Items from a dataset:
+++++

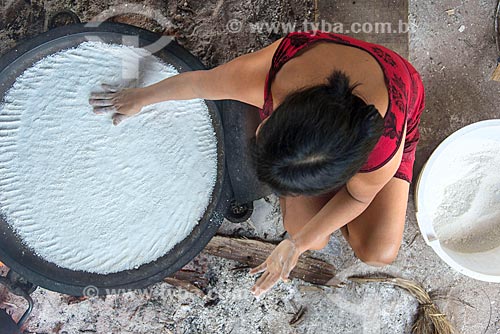 Indigenous woman preparing tapioca - also known as beiju - Aiha village of the Kalapalo tribe - INCREASE OF 100% OF THE VALUE OF TABLE - Querencia city - Mato Grosso state (MT) - Brazil
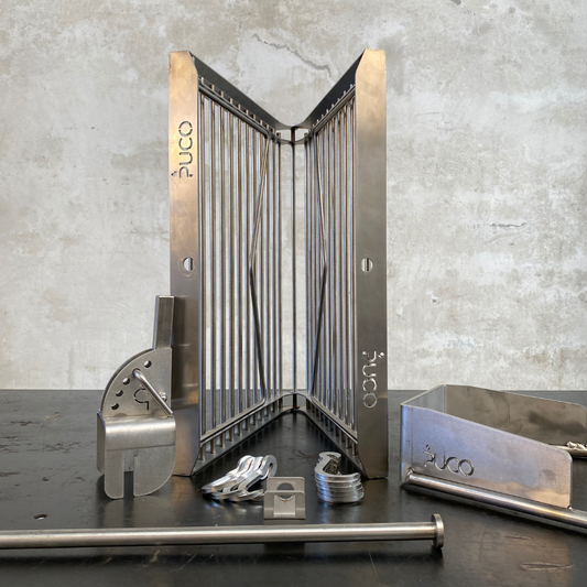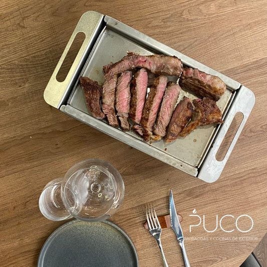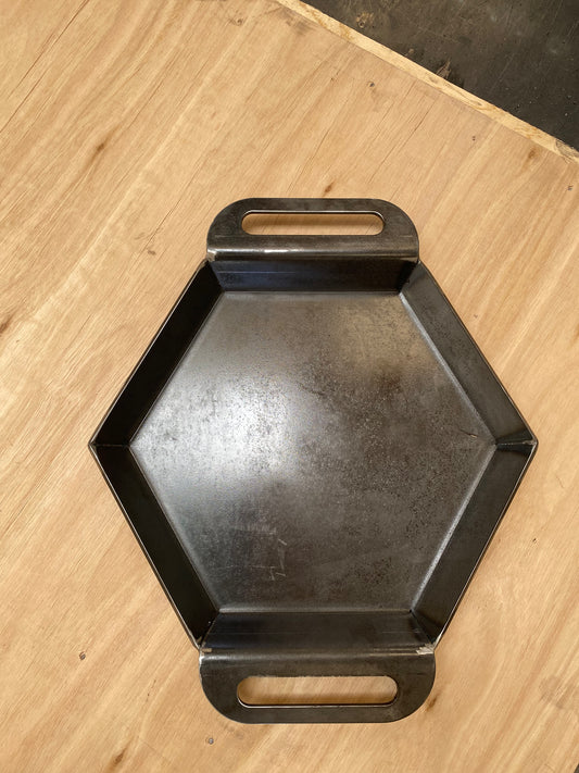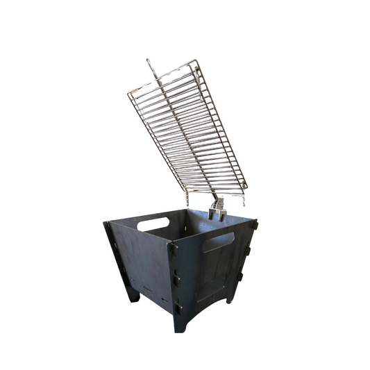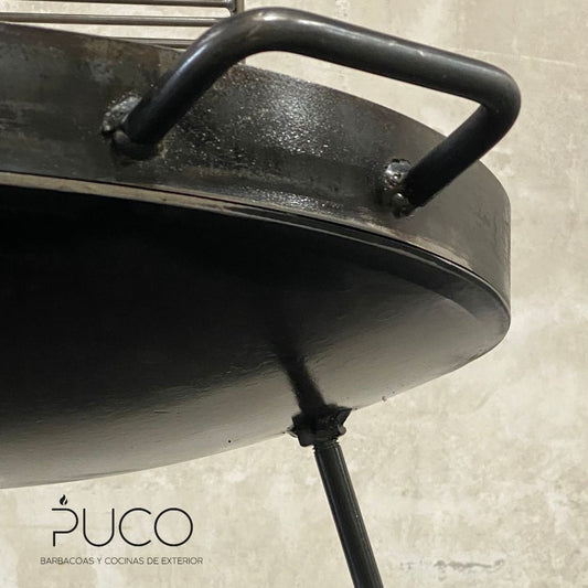 Bandeja base para fuego en acero al carbono 70x75 cm con patas y asas.
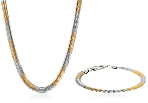Women's Two-Toned 18kt Gold Plated Stainless Steel 2 Piece Necklace and Bracelet Set
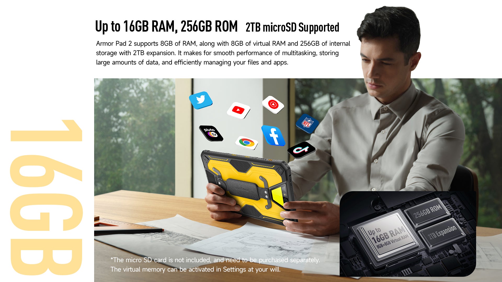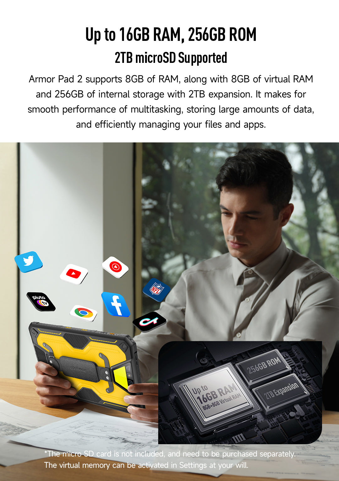 7. The actual available RAM and storage are less than the listed total capacity due to the occupied storage of the operating system and software pre-installed in the device. The virtual memory can be activated in Settings at your will.
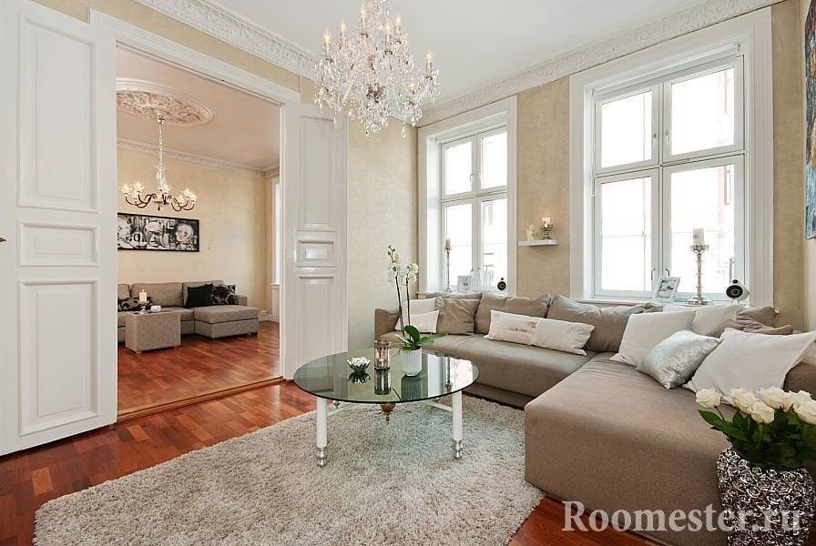 Комната будет выглядеть более просторной, если имеет высокие окна и бежевую гамму.

+++++

The expected output is every line of the data, unchanged, with the pictures skipped.

 Indigenous woman preparing tapioca - also known as beiju - Aiha village of the Kalapalo tribe - INCREASE OF 100% OF THE VALUE OF TABLE - Querencia city - Mato Grosso state (MT) - Brazil
 Bandeja base para fuego en acero al carbono 70x75 cm con patas y asas.
Women's Two-Toned 18kt Gold Plated Stainless Steel 2 Piece Necklace and Bracelet Set
 7. The actual available RAM and storage are less than the listed total capacity due to the occupied storage of the operating system and software pre-installed in the device. The virtual memory can be activated in Settings at your will.
 Комната будет выглядеть более просторной, если имеет высокие окна и бежевую гамму.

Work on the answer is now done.